Abstract
Background: Identifying problem drinkers and providing brief intervention (BI) for those who screen positive are required within all level I trauma centers. While parent–adolescent relationships impact adolescent alcohol use, parenting skills are rarely included in adolescent alcohol BIs within pediatric trauma centers.
Introduction: The primary objective of this study was to examine the feasibility and acceptability of an electronic parenting skills intervention for parents of injured adolescents who report alcohol or drug use.
Materials and Methods: Across three pediatric level I trauma centers, admitted trauma patients 12–17 years of age, screening positive for alcohol or drug use, were consented along with one parent. Adolescent–parent dyads were enrolled and assigned to the intervention (Parenting Wisely web-based modules coupled with text messaging) or standard care conditions using a 2:1 allocation ratio.

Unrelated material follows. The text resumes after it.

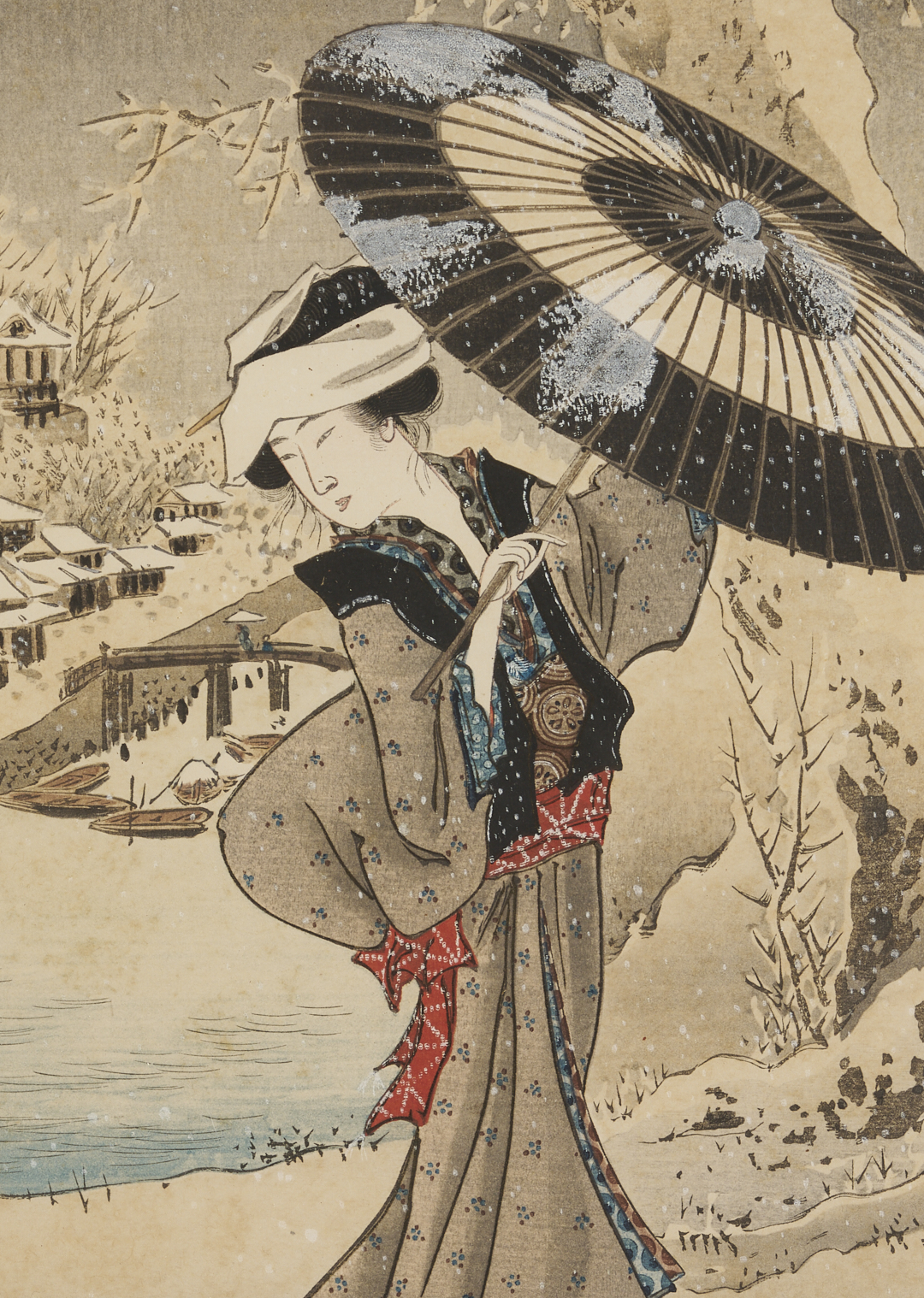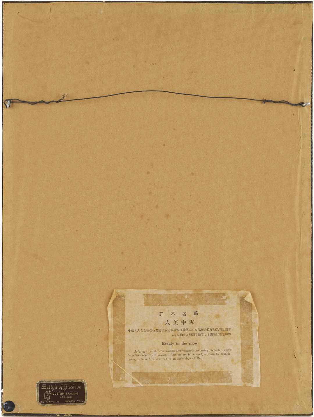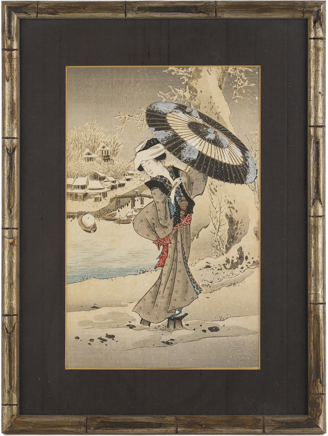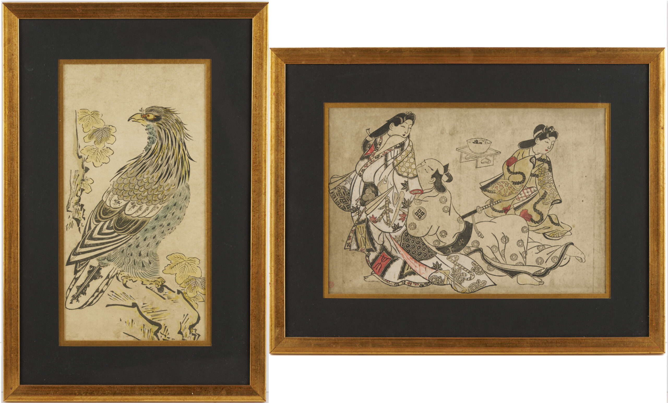 1st item: Mitsui Atsuo (Japan, 1900-2000) shin hanga color woodblock print, “Kawarasaki Gonjuro,” 1957, possibly a later printing. The actor Kawarasaki Gonjuro III holds an inro, with passages of embossing throughout. From the series Figures on the Stage (Butai sugata). Housed in a decorative window mat. Sight: 13 1/2 in. H x 9 7/8 in. W. Mat: 19 1/4 in. H x 15 in. W. 2nd item: Unknown artist, possibly Kitagawa Fujimaro (Japan, 1790-1850) or after Utagawa Kuniyoshi (Japan, 1797-1861) bijin-ga color woodblock print that depicts a woman in a snowy landscape, with a body of water and village beyond, early 20th century. Housed under glass in a silvered wood frame with black textile mat. Sight: 11 3/4 in. H x 7 5/8 in. W. Framed: 17 1/8 in. H x 12 7/8 in. W. 3rd-4th items: Two (2) framed facsimiles of early Japanese woodblock prints: “A Hawk on a Cliff near a Kiri Tree,” after Torii Kiyomasu I (Japan, fl. 1704-18), c. 1718, and “The Insistent Lover,” Sugimura Jihei (Japan, fl. 1681-1698), c. 1684/98, from an untitled series of erotic prints. Both from the 1955 portfolio “12 Woodcuts, The Clarence Buckingham Collection of Japanese Prints,” issued to accompany Helen Gunsaulus, THE CLARENCE BUCKINGHAM COLLECTION OF JAPANESE PRINTS (Chicago: The Art Institute of Chicago, 1955), itself published in a limited edition of 500 copies. Both housed under glass in giltwood frames with black mats and gold reveals. “A Hawk…” Sight: 12 1/2 in. H x 6 7/16 in. W. “A Hawk…” Framed: 18 1/4 in. H x 12 in. W. “Insistent Lover” sight: 8 3/8 in. H x 12 3/4 in. W. “Insistent Lover” framed: 14 in. H x 18 1/4 in. W.

Teens completed 3- and 6-month follow-up surveys; parents completed 3-month follow-up surveys.
Results: Thirty-seven dyads were enrolled into the study. Only one-third of parents accessed the web-based Parenting Wisely after baseline. All parents completed the text message program. At 3-month follow-up, 78% of parents endorsed that they would recommend the program to others. There were no significant differences in adolescent substance use or parenting behaviors between groups at follow-up.
Discussion: A texting component is well received, but web-based components may be underutilized. Larger studies are necessary to determine if an electronic skills intervention has an effect on parenting skills and adolescent substance use.
Conclusions: This study demonstrated accessibility and feasibility of an e-parenting intervention with more utilization of text components than web-based.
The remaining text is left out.